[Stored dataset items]
= = = = = = =

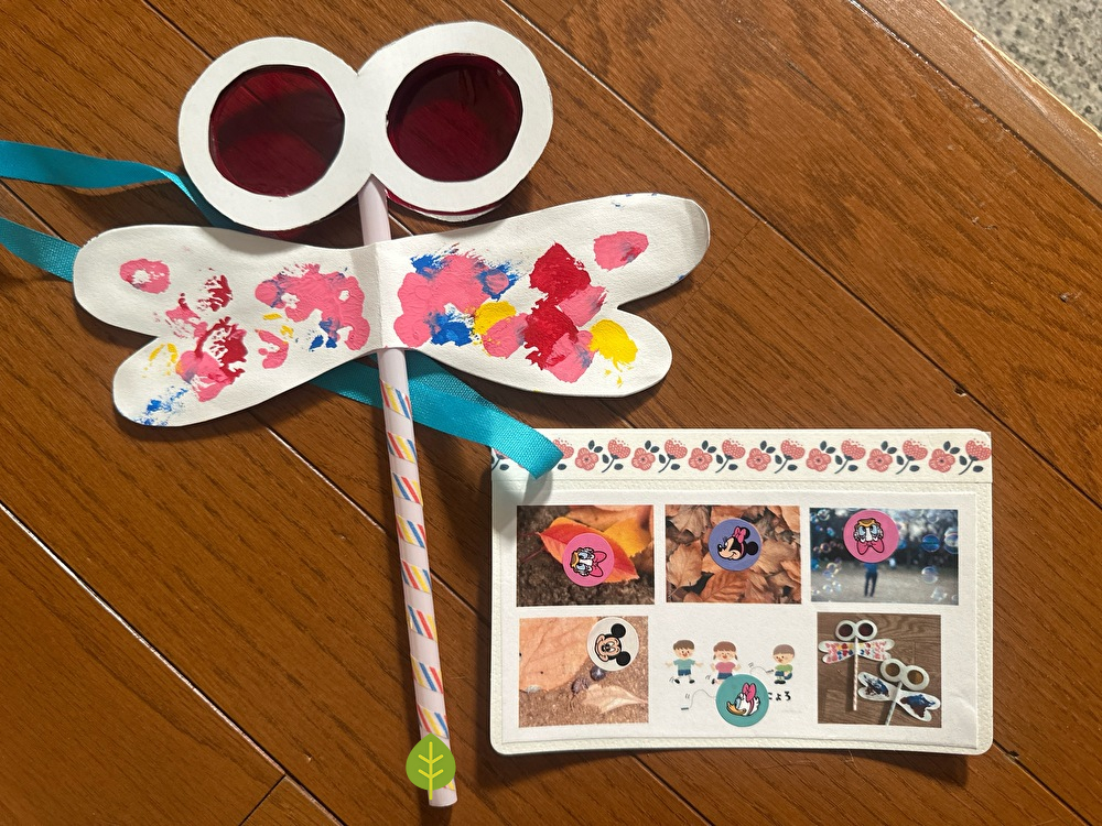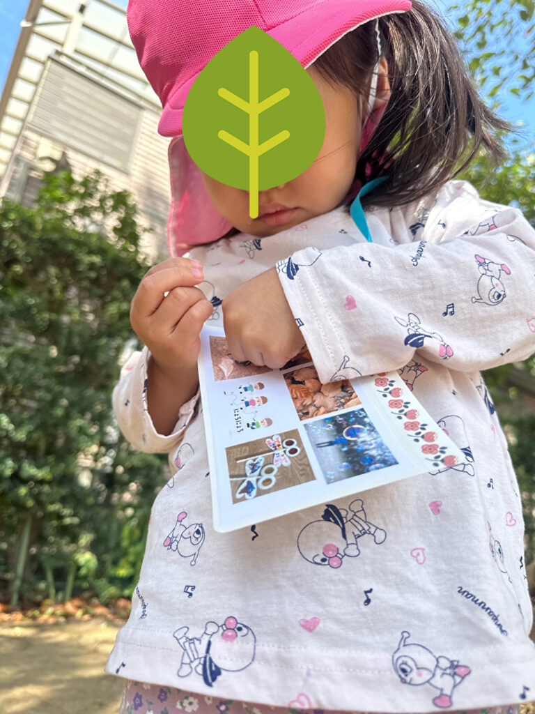 公園内で落ち葉やダンゴ虫、シャボン玉やニョロニョロへびを見つけて、見つけたらシールを貼ります。
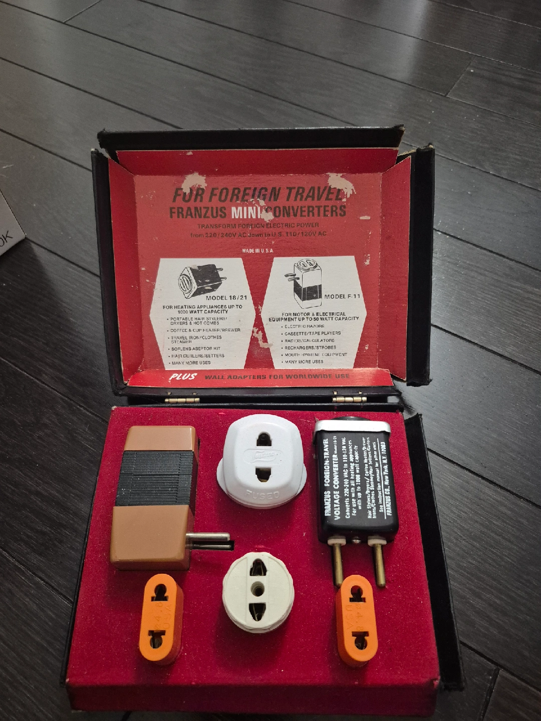 Selling a Franzus TK-7 Travel Converter Kit! A functional and collectible piece of travel history. It includes various adaptors for worldwide use.
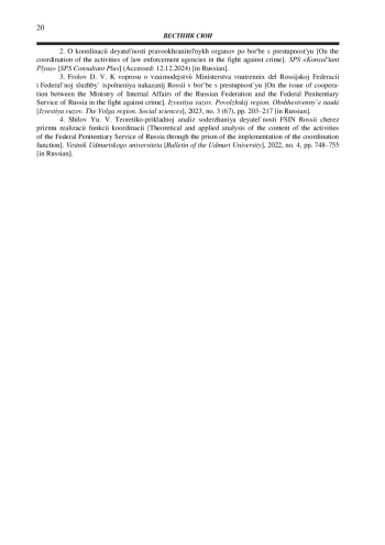 4. Шилов Ю. В. Теоретико-прикладной анализ содержания деятельности ФСИН России через призму реализации функции координации // Вестник Удмуртского университета. 2022. № 4. С. 748-755.
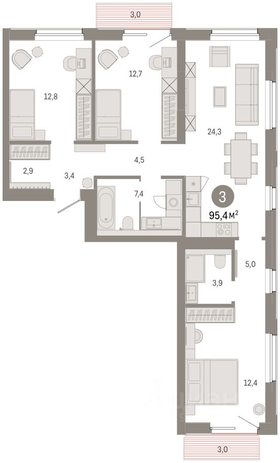 Квартира с кухней-гостиной и тремя спальнями в проекте Город-на-озере. Особенности планировки: балкон, вид во двор, второй санузел, гардеробная, мастер-спальня, предчистовая отделка, разнесённые спальни.
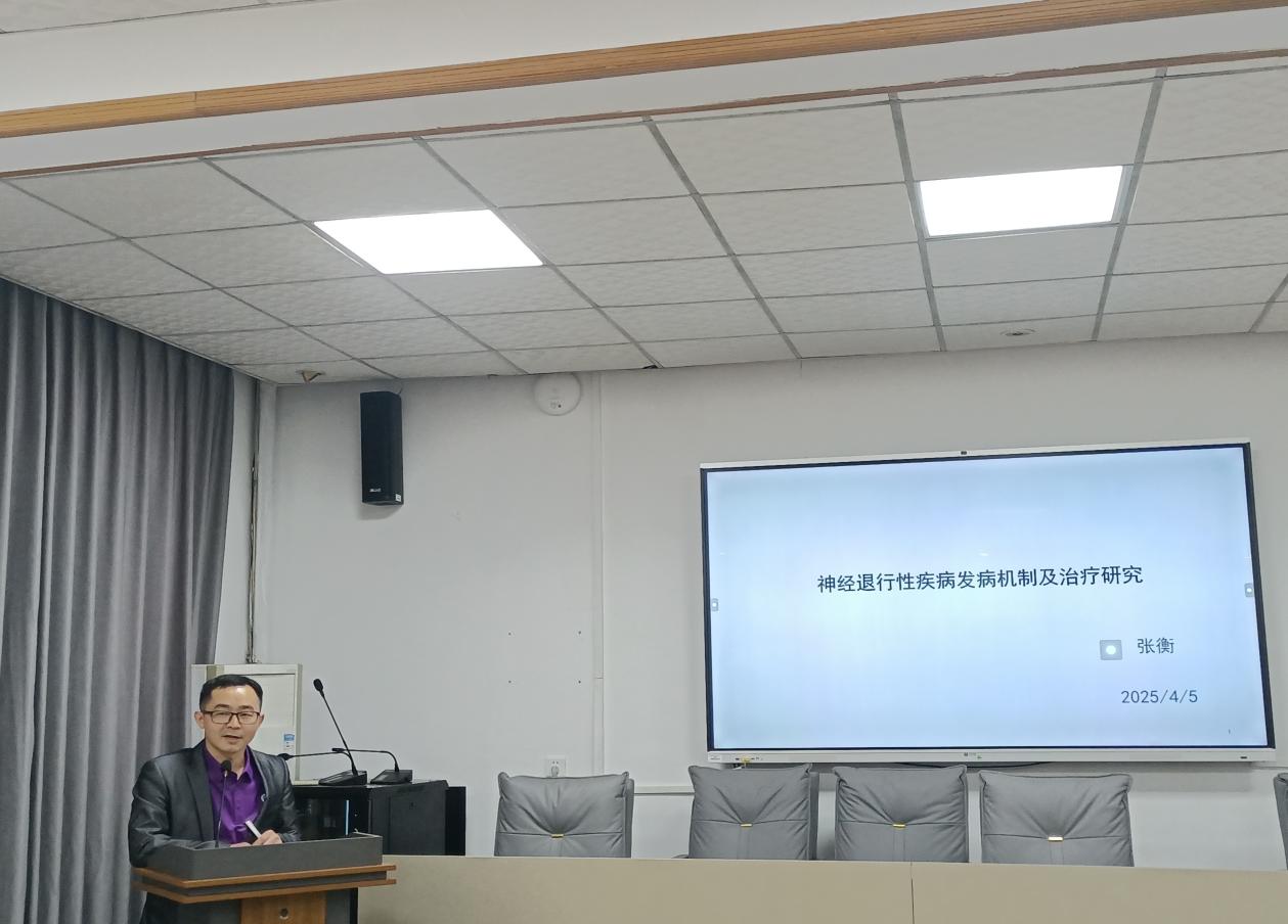 第二位主讲人是绍兴文理AV影片直播 医AV影片直播 张衡博士(副教授)以“神经退行性疾病发病机制及治疗研究”为题目进行了学术分享。
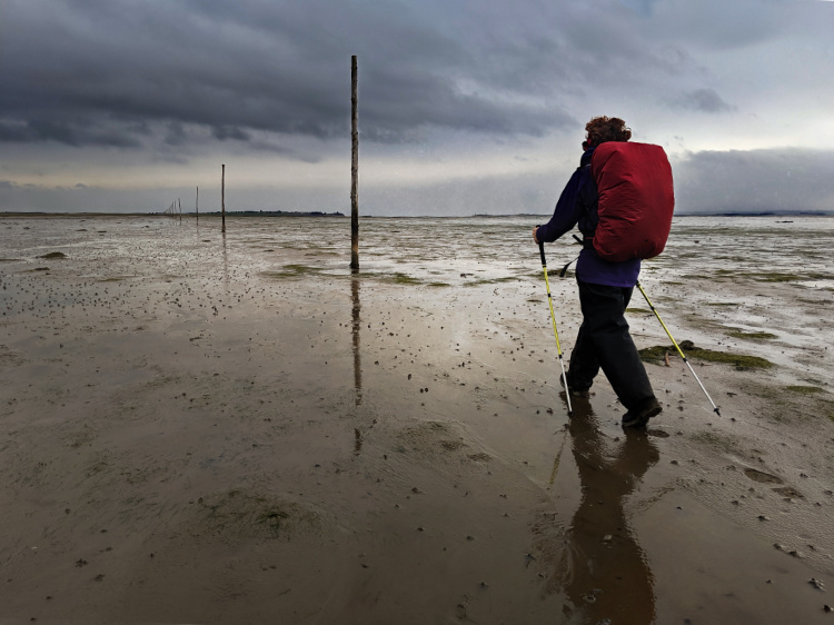 At Holburn Lake and Moss, a wintering refuge for greylag geese, St Cuthbert’s Way joins St Oswald’s Way, a pilgrim route opened in 2006. We walk past Kyloe Woods, a reserve for the endangered red squirrel, through the village of Fenwick and on towards the coast. Before we can cross the main east-coast railway line, we have to call the signalman on the yellow phone provided and get the all-clear. Then, past fields and WW2 coastal defences, we see the line of tall, thin poles that mark the ancient pilgrim path across the causeway to Holy Island, safe to walk only at low tide.
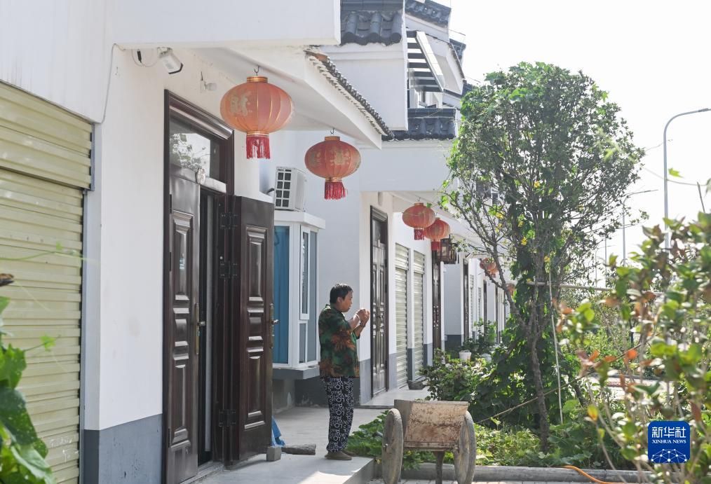 9月7日,已經(jīng)搬遷入住沈集鎮帥店新社區新房的村民在家門(mén)口休閑。
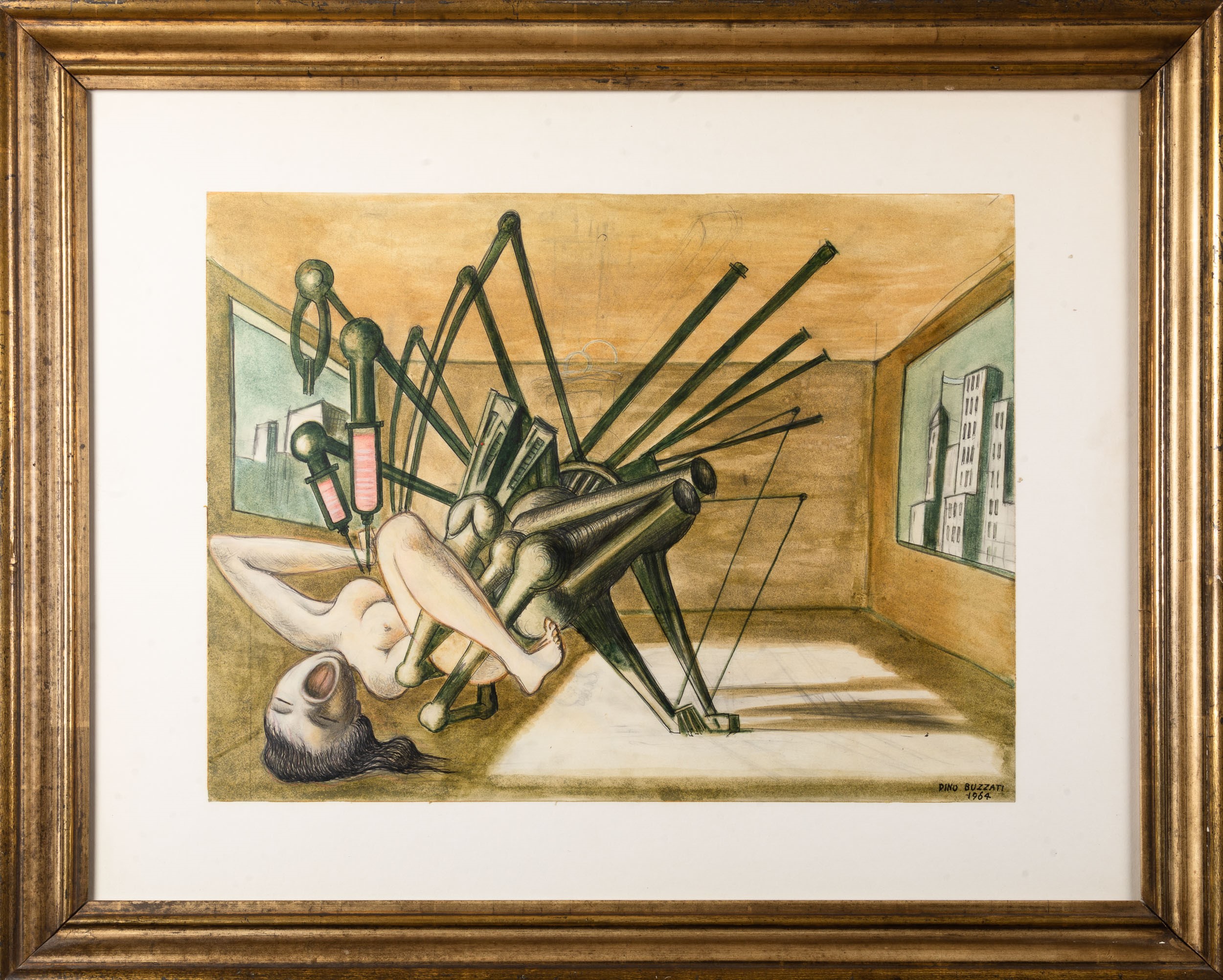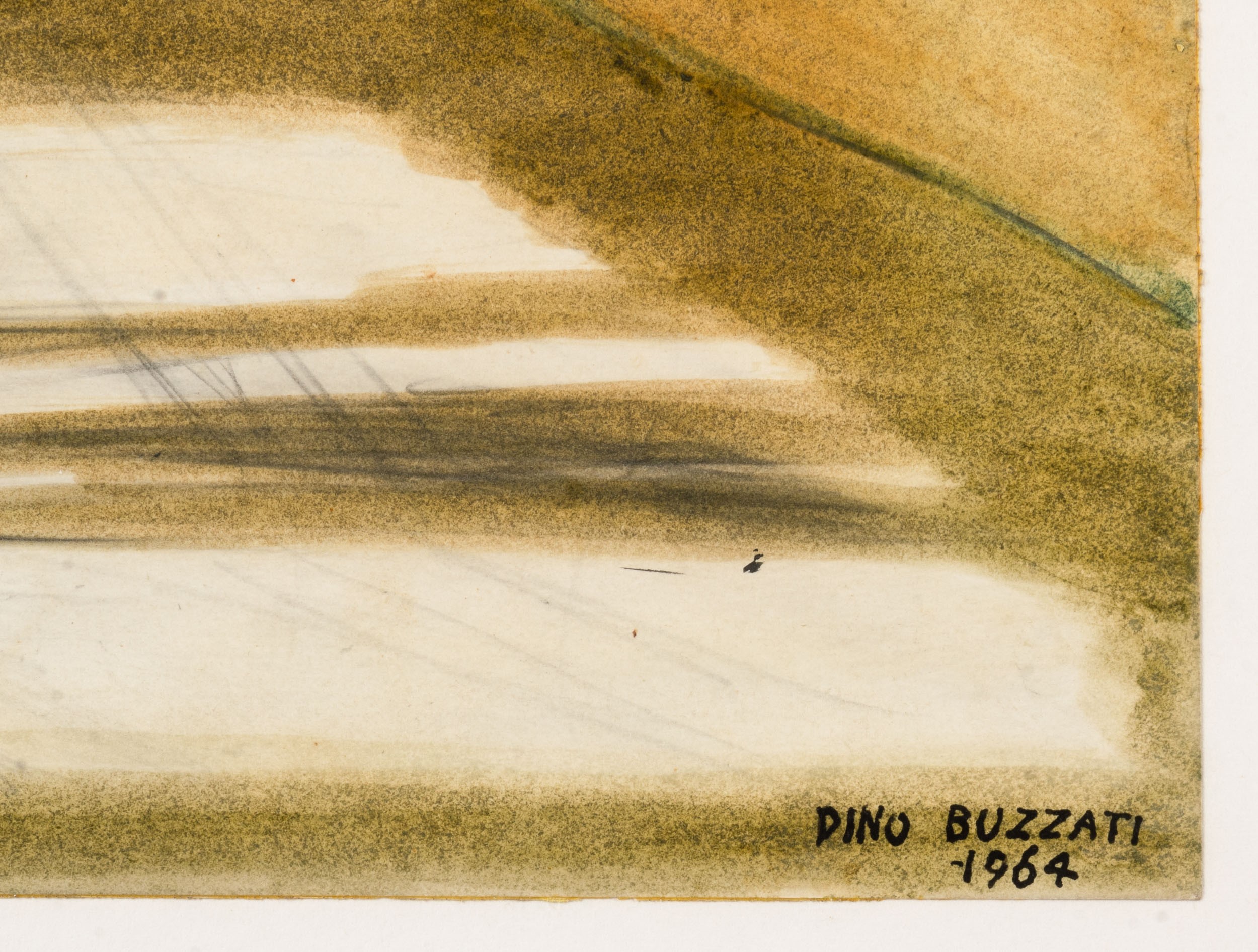 matita nera e pastelli, china e acquerelli su cartoncino bianco, Largh. 47,4 - Alt. 35,7 Cm 1964 firmato e datato in basso a destra dedicato al retro Etichetta al retro della Galleria Torbandena, Trieste Etichetta al retro della Galleria d'Arte Cavour, Milano Etichetta al retro della Galleria Consigli Arte, Parma

= = = = = = =

* _Activity_: Your reply should consist solely of the lines above, from the opening line through the line with "Selling a Franzus", reproduced exactly and without pictures.

* _Written answer_:
 公園内で落ち葉やダンゴ虫、シャボン玉やニョロニョロへびを見つけて、見つけたらシールを貼ります。
 Selling a Franzus TK-7 Travel Converter Kit! A functional and collectible piece of travel history. It includes various adaptors for worldwide use.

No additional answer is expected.